Denis Johnson, a writer with an unmatched ability to bring alive settings as disparate as Afghanistan and Texas, has died at age 67.
Johnson was my favorite living author. (Seek, a collection of his nonfiction pieces, was the book that first attracted me to the practice of journalism.) He began his literary career with poetry, moved on to narrative journalism, and ended in fiction. He also wrote three plays. He brought a lyrical touch to everything he wrote, be it poetry or straight reporting. "To me the writing is all one thing," he told the Los Angeles Times in a rare 2014 interview, "or maybe I should say it's all nothing.
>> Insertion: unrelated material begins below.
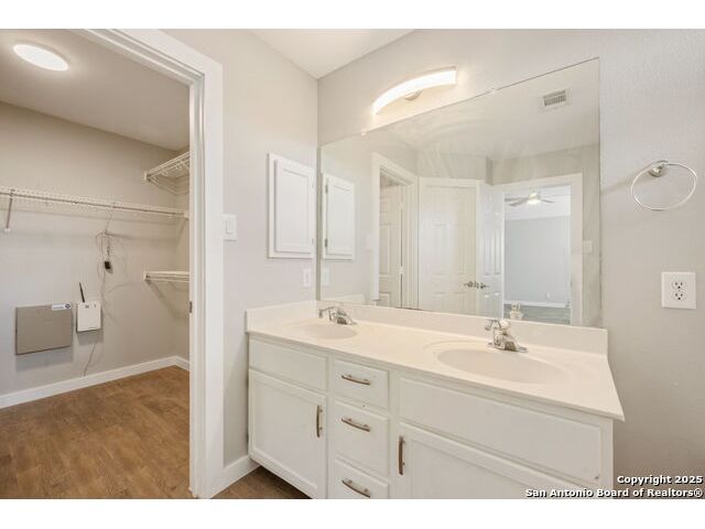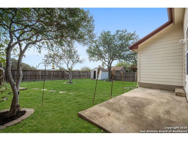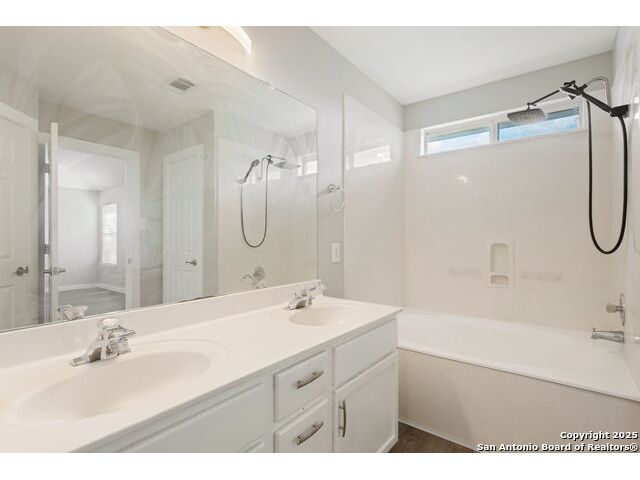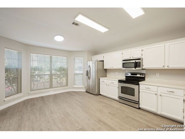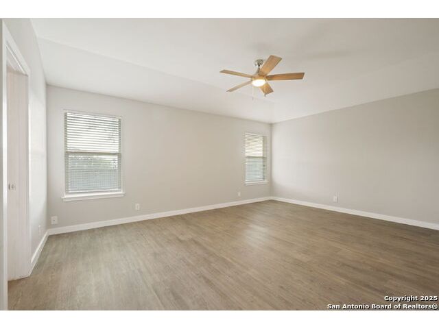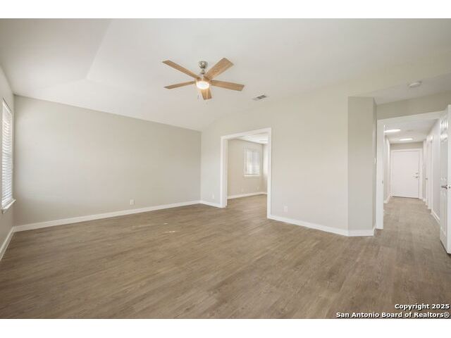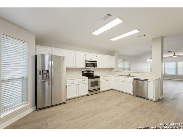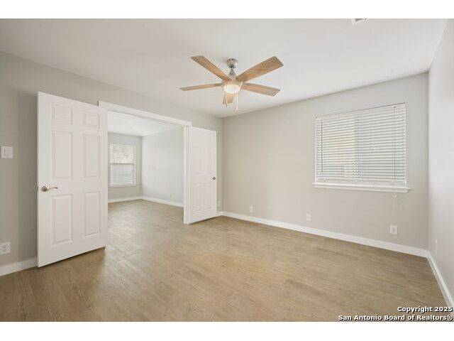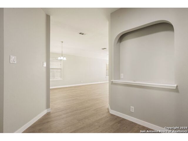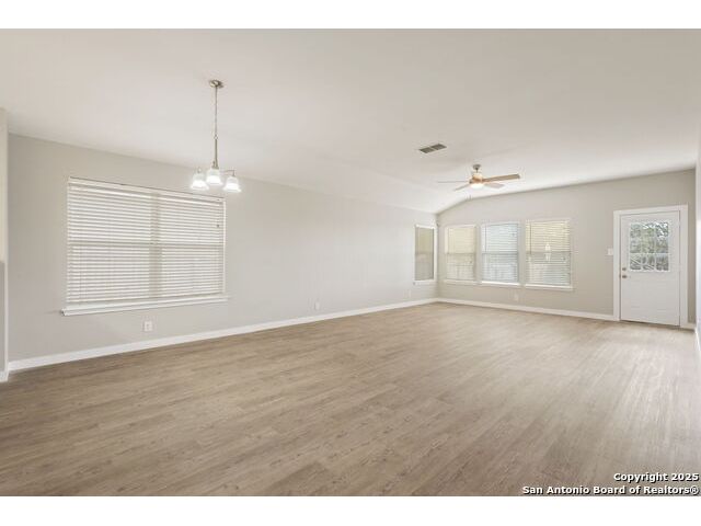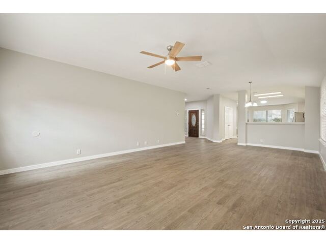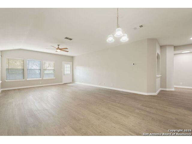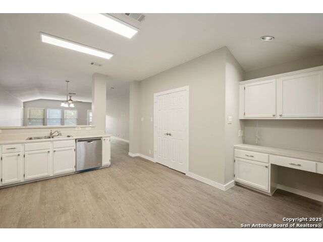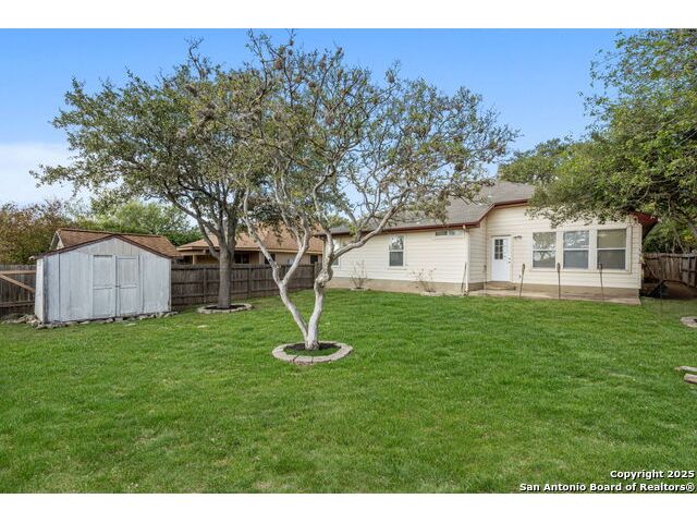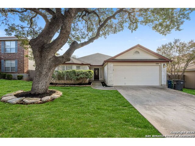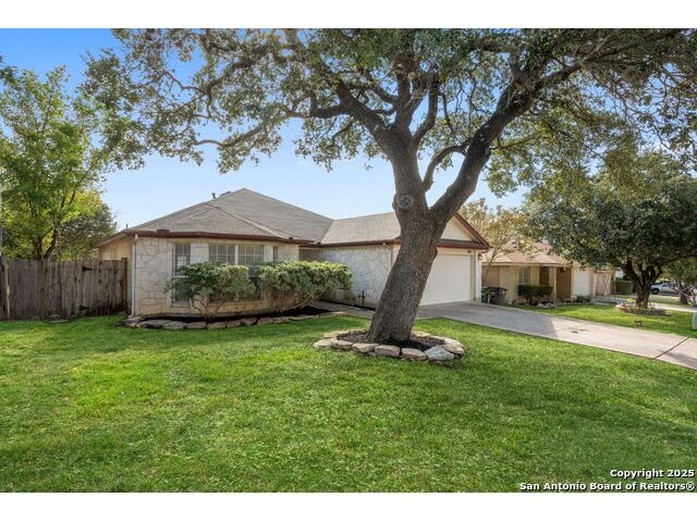Charming one-story home nestled beneath mature trees in both the front and back yards. Recently updated with over $20,000 in renovations, including new flooring, fresh interior paint, upgraded landscaping, and more. The spacious living and dining area features vaulted ceilings and abundant natural light, flowing into an open kitchen with a large pantry and built-in desk. The primary suite offers a garden tub/shower combo with marble surround, double vanity, and walk-in closet. A unique feature: the second bedroom is connected to the primary-perfect for a nursery, office, or sitting area. Move-in ready with timeless appeal and thoughtful details throughout.

The truth is, I just write sentences."
Johnson's most famous work is Jesus' Son, a 1992 collection of linked short stories narrated by a semi-autobiographical drifter known only as "Fuckhead." His other novels and novellas range from The Name of the World, about an adjunct history professor dealing with the death of his wife and daughter, to Fiskadoro, featuring one of the most realistic depictions of a post-apocalyptic society in contemporary literature. (It's set in post-WWIII Florida.) Train Dreams, a finalist for the Pulitzer Prize in fiction, followed the life of a day laborer across the first half of the 20th century, providing a history of the United States by telling a history of people.
In the first chapter of Jesus' Son, Johnson describes hearing a scream of anguish. "It felt wonderful to be alive to hear it!" he wrote. "I've gone looking for that feeling everywhere." I feel the same way about his writing.